Antibody tests caught on quickly in the month since they have been available, though experts have warned against reading too much into the tests as it’s not clear what former infections mean for immunity other than helping to identify a true prevalence of the disease.  The Food and Drug Administration, which regulates the tests, has warned against reading too much into the tests and recently increased previously lacking standards for the tests.

Quest Diagnostics has performed 975,000 antibody tests nationally as of Monday and offers the test direct-to-consumers, bypassing state health systems. As of Sunday, Mississippi reported 9,057 antibody tests.

The problem with lumping in the two different counts is two-fold. First, it could inflate testing numbers, like is the case in Georgia, if the cases identified through antibody tests are not added to the tally of confirmed cases. Mississippi says they are including antibody-identified cases in the total case count, so the artificial boost in tests should be countered by adding in the cases found.
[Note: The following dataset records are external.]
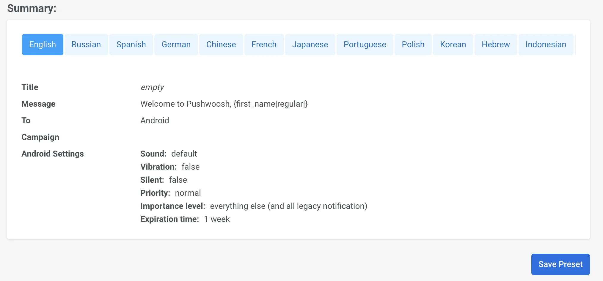 على سبيل المثال، إذا كانت لغتك الافتراضية هي الإنجليزية ولكنك تريد الوصول إلى المتحدثين بالإسبانية والألمانية أيضًا، فأضف تلك اللغات إلى إشعارك. سيتلقى المستخدمون الذين لديهم إعدادات هاتف إسبانية أو ألمانية الرسالة بلغتهم المفضلة، بينما سيرى الآخرون الإصدار الإنجليزي الافتراضي.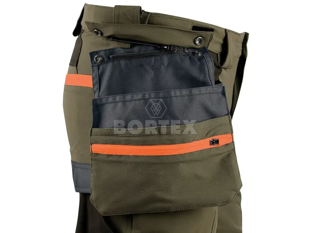 Moderné pánske monterkové nohavice vyrobené z kvalitného a veľmi pružného materiálu 4-way stretch s vysokým obsahom nylónu, ktorý zaručuje rýchle schnutie. Vďaka tomuto inovatívnemu materiálu, ktorý umožňuje roztiahnutie do všetkých štyroch smerov sa budete môcť ľahko a voľne pohybovať pri každej práci. Nohavice majú štýlový užší strih, flexibilný pás s možnosťou úpravy veľkosti a pútkami na opasok, zipsové vetranie na zadnej časti stehien a niekoľko funkčných vreciek - 2 predné, 2 zadné v spodnej časti a 2 odnímateľné vrecká na náradie zosílené materiálom CORDURA, vrecko na zips na stehne, multifunkčné bočné vrecko. Materiálom CORDURA je zosilená aj spodná časť nohavíc a kolená, do ktorých sa dajú naviac vložiť kolenné výstuhy. Pre lepšiu viditeľnosť a tým i väčšiu bezpečnosť pri práci sú nohavice vybavené aj reflexnými doplnkami.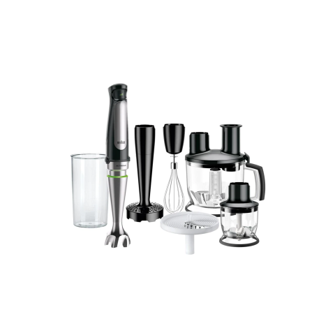 Features:Cord length: 1.2 mDishwasher-proof parts: YesType: Immersion blenderProduct colour: Stainless steel, BlackPower:Power: 1000 WPower source: ACPerformance:Chopper bowl capacity: 0.35 LChopper: YesBowl capacity: 1.2 LPulse function: YesSmoothie beaker: Yes

Dobbs has said antibody tests have shown a 2 percent positive rate, though the health department has not updated the antibody case-identification rate since Thursday. If the 2 percent figure is still accurate, 181 cases in the state have been identified this way over the month, accounting for just 1 percent of the more than 13,000 confirmed cases in the state and 2 percent of the new cases over the past month.

However, adding in those cases begets its own challenge — those 181 reflect previous infections, and don’t help identifying active cases. Because diagnostic and antibody tests measure different things, they are not helpful in the same way to the public or to scientists. At worst, it can be misleading, and at best, it identifies overall disease prevalence but does not aid case-tracing for current infection or help stop active spread by isolating cases.

Despite the inclusion of antibody tests, diagnostic testing alone has ramped up over the week after slowing in previous weeks. The state’s lab reported its most ever single-day tests this week, averaging 730 daily tests. Mississippi has had a consistently high rate of tests compared to other states, ranking 18th in the U.S. — accounting for diagnostic tests only — as of Friday, according to Mississippi Today’s analysis of the COVID Tracking Project’s national data.

The state announced universal testing for long-term care facilities in mid-May, which partially accounts for both the testing increase and the case increase. However, long-term care cases have only slightly edged up over the week — by 204 cases, or 14 percent — less than they increased the week prior at 25 percent.